=== GIVEN DATA ===

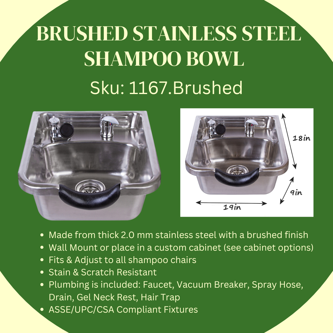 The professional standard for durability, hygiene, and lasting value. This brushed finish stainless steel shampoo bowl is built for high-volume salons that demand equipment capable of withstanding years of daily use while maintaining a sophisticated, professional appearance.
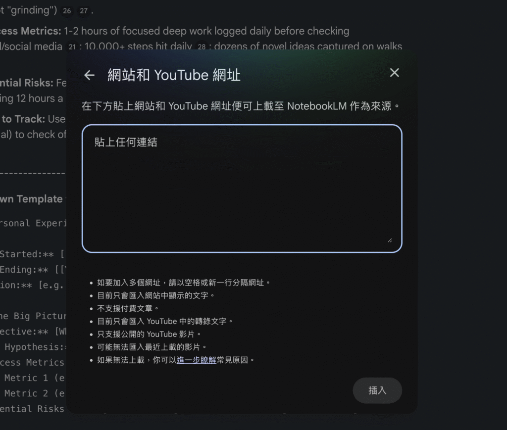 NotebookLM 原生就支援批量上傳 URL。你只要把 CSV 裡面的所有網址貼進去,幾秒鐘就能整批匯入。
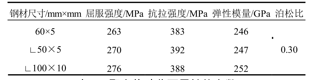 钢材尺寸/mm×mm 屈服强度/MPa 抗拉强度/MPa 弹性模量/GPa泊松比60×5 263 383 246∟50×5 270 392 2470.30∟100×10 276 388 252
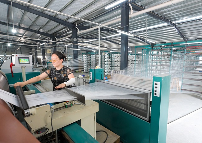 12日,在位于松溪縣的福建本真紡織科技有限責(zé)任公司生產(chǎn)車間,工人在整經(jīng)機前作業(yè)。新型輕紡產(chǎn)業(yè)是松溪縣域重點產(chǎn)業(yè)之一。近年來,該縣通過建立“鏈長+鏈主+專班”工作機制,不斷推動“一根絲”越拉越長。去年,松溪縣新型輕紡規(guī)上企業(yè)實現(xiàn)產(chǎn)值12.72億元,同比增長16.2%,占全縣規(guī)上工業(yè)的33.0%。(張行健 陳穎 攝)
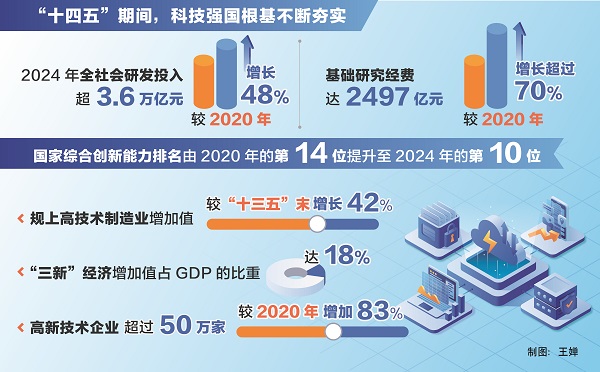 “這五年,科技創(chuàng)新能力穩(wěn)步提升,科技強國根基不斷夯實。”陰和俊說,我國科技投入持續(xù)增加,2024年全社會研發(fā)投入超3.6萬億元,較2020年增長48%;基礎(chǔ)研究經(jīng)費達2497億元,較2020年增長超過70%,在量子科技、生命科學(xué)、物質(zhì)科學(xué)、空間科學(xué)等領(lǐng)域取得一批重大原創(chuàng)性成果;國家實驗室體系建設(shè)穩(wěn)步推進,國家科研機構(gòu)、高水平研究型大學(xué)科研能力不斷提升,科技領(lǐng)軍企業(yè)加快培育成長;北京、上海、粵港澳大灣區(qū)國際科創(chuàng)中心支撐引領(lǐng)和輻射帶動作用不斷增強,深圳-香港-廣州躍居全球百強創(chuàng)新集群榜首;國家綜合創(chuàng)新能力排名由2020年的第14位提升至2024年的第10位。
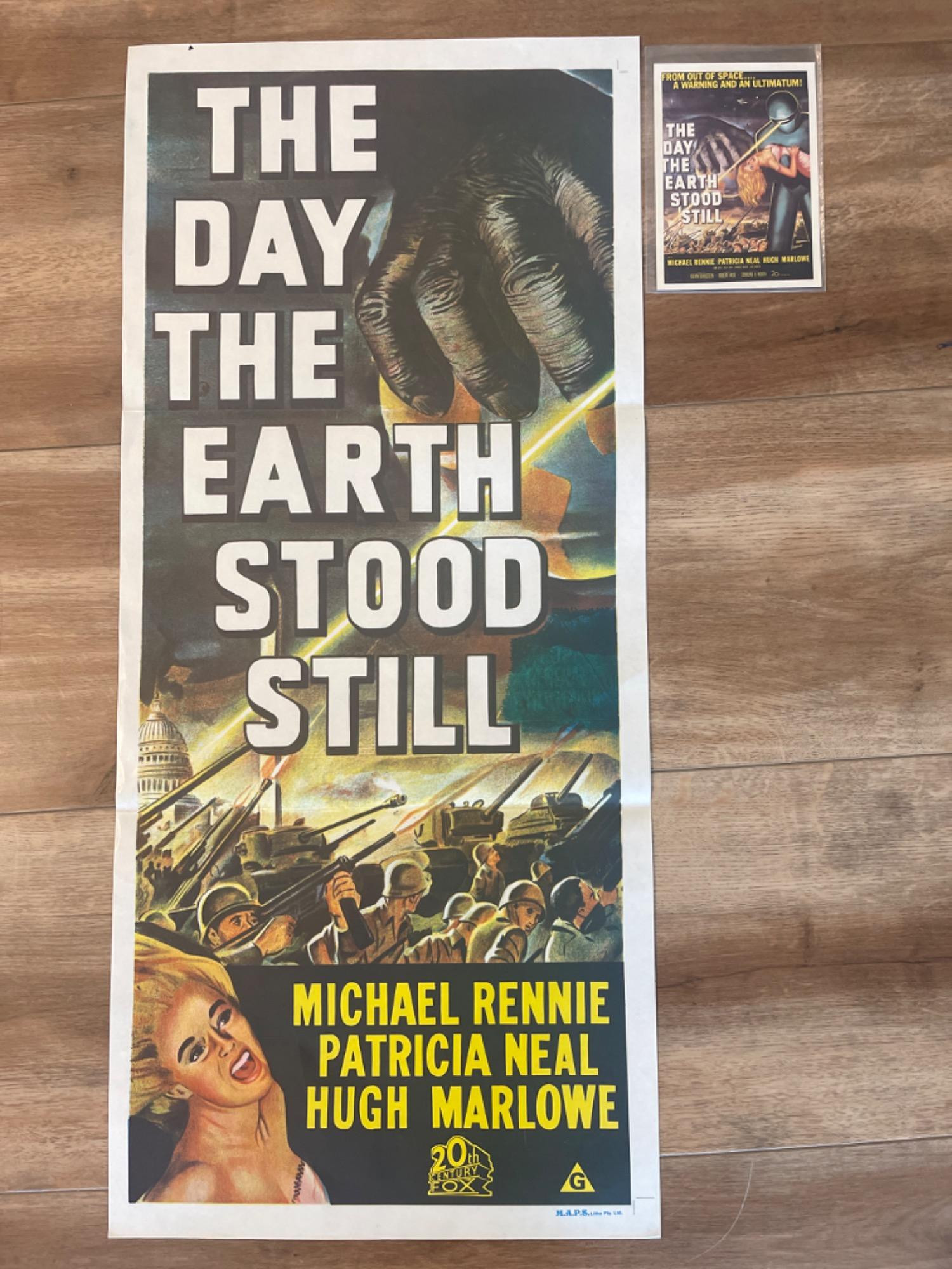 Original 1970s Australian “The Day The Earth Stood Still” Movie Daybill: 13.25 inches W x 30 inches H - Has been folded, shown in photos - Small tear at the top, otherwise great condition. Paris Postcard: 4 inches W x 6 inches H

===
=== GIVEN DATA ===

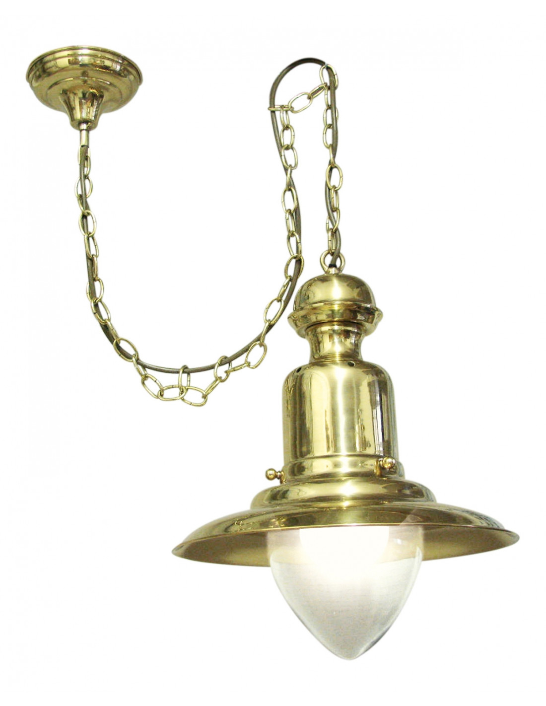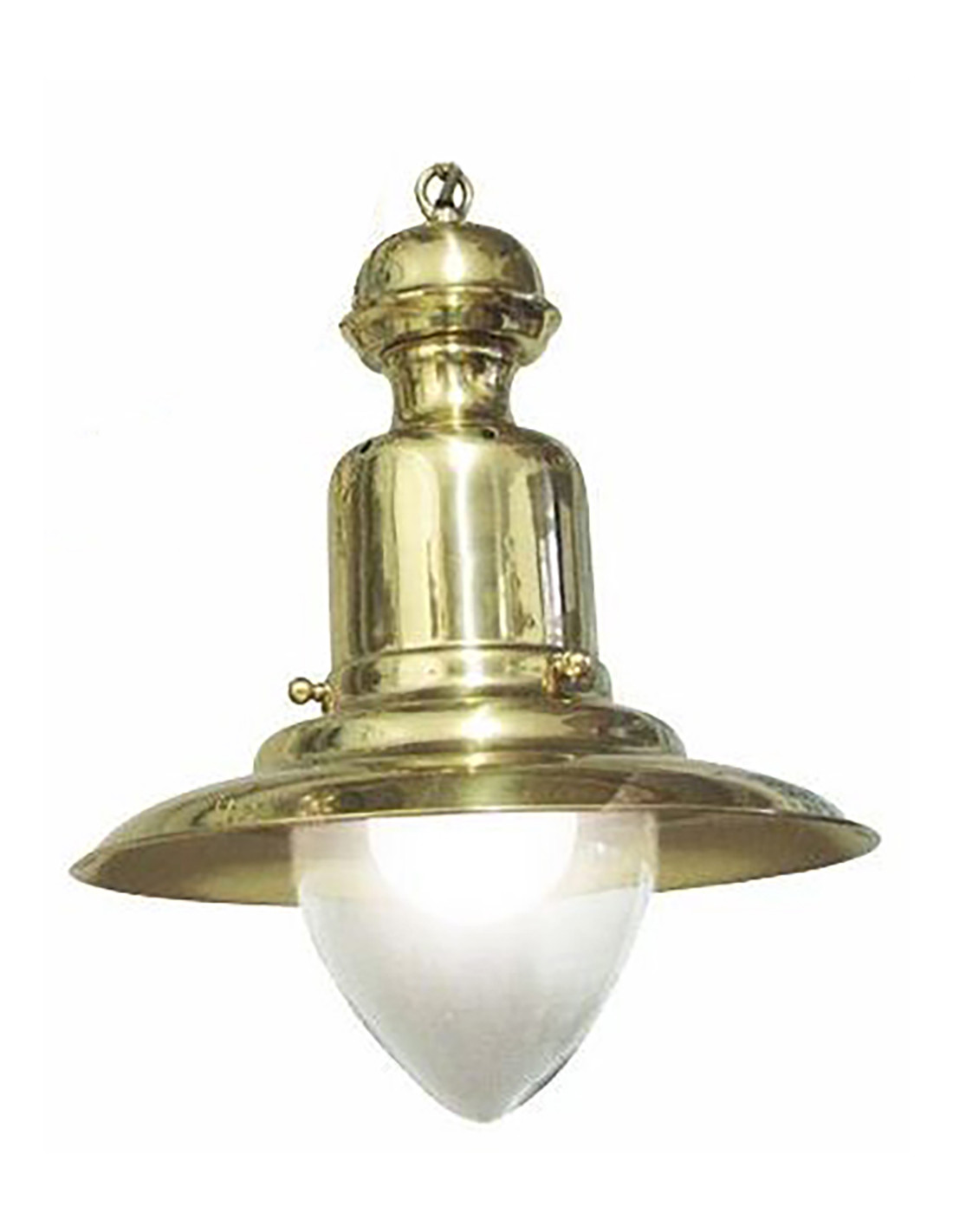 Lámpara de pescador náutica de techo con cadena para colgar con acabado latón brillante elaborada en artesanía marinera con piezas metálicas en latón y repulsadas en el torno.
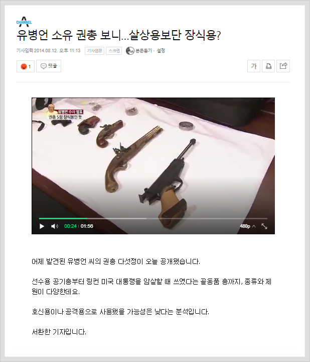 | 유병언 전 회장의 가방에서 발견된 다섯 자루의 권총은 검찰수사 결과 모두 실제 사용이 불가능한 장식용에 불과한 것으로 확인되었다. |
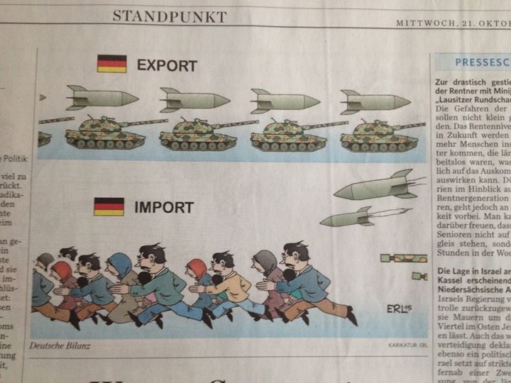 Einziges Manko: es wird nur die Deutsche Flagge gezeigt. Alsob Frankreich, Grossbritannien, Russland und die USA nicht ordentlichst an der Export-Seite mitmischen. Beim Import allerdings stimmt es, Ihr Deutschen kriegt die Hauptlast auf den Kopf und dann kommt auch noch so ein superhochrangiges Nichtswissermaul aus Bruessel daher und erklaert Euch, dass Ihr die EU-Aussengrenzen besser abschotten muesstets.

===
=== GIVEN DATA ===

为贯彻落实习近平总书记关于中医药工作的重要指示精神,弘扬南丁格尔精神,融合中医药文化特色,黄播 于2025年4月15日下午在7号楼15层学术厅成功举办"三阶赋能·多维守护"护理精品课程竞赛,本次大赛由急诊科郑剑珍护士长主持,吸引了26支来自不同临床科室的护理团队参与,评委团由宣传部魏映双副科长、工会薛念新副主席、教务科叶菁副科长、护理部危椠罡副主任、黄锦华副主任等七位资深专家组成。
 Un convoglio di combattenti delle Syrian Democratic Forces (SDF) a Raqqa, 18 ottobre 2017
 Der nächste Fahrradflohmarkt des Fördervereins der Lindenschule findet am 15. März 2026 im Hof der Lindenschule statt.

===

**DESCRIPTION OF THE TASK**
Between and including the line with "The professional standard" and the line with "钢材尺寸/mm×mm 屈服强度/MPa 抗拉强度/MPa", repeat every line exactly as it appears above, with pictures left out.

**WRITTEN REPLY**
 The professional standard for durability, hygiene, and lasting value. This brushed finish stainless steel shampoo bowl is built for high-volume salons that demand equipment capable of withstanding years of daily use while maintaining a sophisticated, professional appearance.
 NotebookLM 原生就支援批量上傳 URL。你只要把 CSV 裡面的所有網址貼進去,幾秒鐘就能整批匯入。
 钢材尺寸/mm×mm 屈服强度/MPa 抗拉强度/MPa 弹性模量/GPa泊松比60×5 263 383 246∟50×5 270 392 2470.30∟100×10 276 388 252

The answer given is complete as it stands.